(Information provided)
========
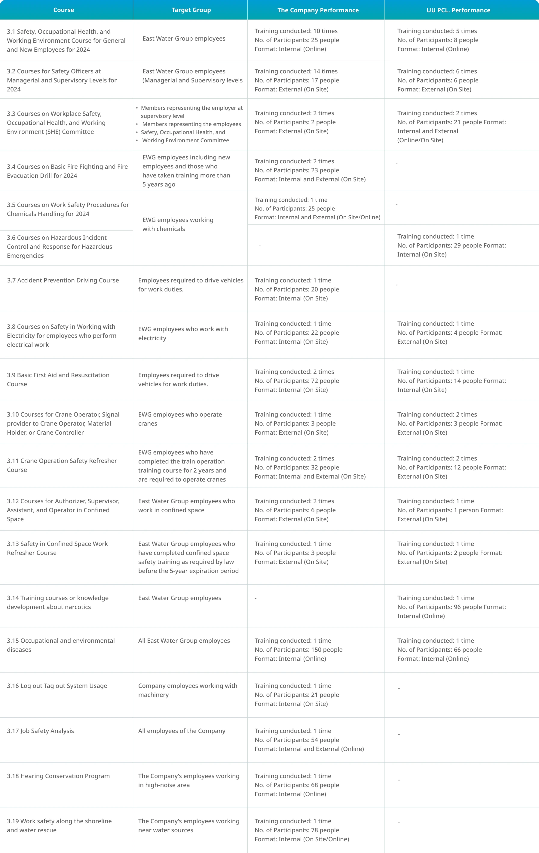 In 2024, the East Water Group had 3 Working Groups (Committee) on Safety, Occupational Health, and Working Environment i.e., Working Group of the Head Office, Working Group of the Operating Area, and Working Group of UU PCL., to thoroughly oversee the operations in the respective areas under responsibilities. They hold meeting every month and consist of members as follows: (Disclosure 403-4: 2018)
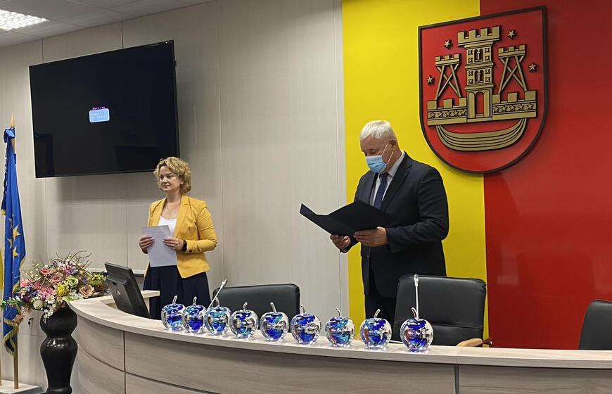 Agnė Černeckytė gavo stiklinį obuolį iš Klaipėdos mero Vytauto Grubliausko rankų.
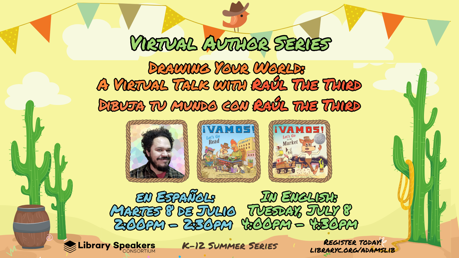 Join author and illustrator Raúl The Third as he discusses his book ¡Vamos! Let’s Go Read! which features Little Lobo and friends as they explore their library’s Libro Love Book Festival!
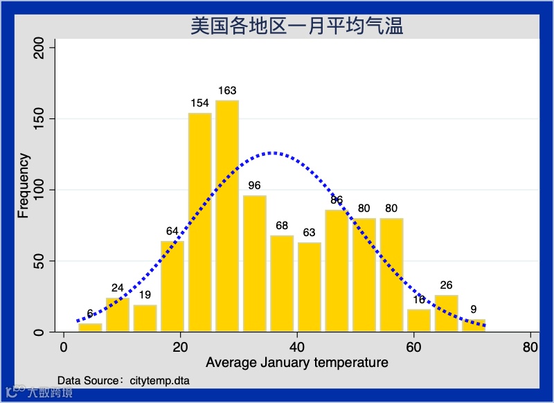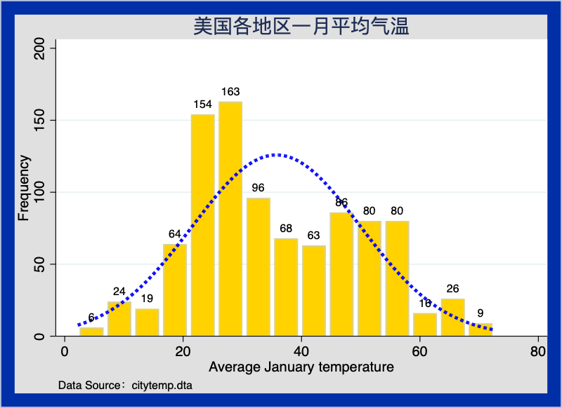 clear allsysuse citytemp, clearhistogram tempjan,bin(15) gap(15) frequency addlabels fcolor(gold) normal normopts(lcolor(blue)lwidth(thick) lpattern(shortdash)) title(美国各地区一月平均气温) note(Data Source:citytemp.dta) graphregion(ifcolor(gs14) fcolor("0 47 167"))
========
(Activity)
Find the line containing "Join author and" in the listing above. Please restate word for word that line through the last one, leaving out the pictures.

(Solved problem)
 Join author and illustrator Raúl The Third as he discusses his book ¡Vamos! Let’s Go Read! which features Little Lobo and friends as they explore their library’s Libro Love Book Festival!
 clear allsysuse citytemp, clearhistogram tempjan,bin(15) gap(15) frequency addlabels fcolor(gold) normal normopts(lcolor(blue)lwidth(thick) lpattern(shortdash)) title(美国各地区一月平均气温) note(Data Source:citytemp.dta) graphregion(ifcolor(gs14) fcolor("0 47 167"))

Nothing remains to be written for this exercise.